Activity:
Could you retype the lines below, starting at the line holding "その後は久しぶりに大きなブロ" and stopping at the line holding "GEOKRATA D.K-Duża Komora", inclusive? Copy them exactly and drop the images.

Data shown:
>>>

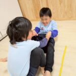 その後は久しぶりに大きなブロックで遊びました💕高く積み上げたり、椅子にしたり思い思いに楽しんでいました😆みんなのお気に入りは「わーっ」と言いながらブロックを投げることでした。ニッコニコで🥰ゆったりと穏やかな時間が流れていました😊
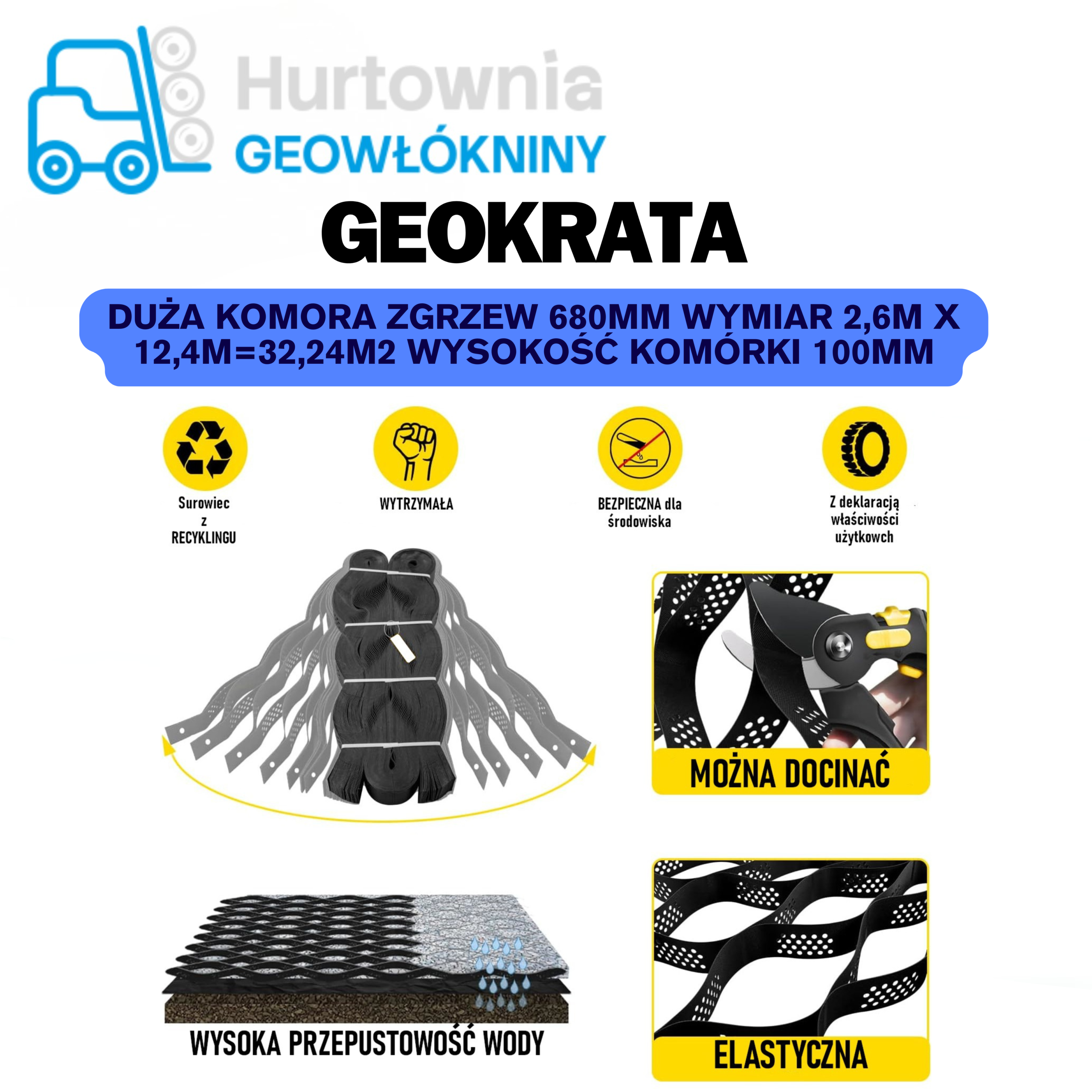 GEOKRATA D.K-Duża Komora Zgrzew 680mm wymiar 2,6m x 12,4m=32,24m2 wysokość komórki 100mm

<<<
>>>

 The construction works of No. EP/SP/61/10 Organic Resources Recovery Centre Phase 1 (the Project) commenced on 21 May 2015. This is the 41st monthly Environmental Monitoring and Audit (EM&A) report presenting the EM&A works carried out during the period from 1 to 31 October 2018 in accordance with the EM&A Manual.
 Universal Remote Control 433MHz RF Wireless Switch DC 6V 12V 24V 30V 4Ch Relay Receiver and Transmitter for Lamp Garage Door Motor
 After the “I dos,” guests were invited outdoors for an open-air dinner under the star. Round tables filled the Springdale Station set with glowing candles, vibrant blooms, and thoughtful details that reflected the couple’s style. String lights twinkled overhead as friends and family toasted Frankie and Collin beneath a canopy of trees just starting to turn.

<<<

Response:
 その後は久しぶりに大きなブロックで遊びました💕高く積み上げたり、椅子にしたり思い思いに楽しんでいました😆みんなのお気に入りは「わーっ」と言いながらブロックを投げることでした。ニッコニコで🥰ゆったりと穏やかな時間が流れていました😊
 GEOKRATA D.K-Duża Komora Zgrzew 680mm wymiar 2,6m x 12,4m=32,24m2 wysokość komórki 100mm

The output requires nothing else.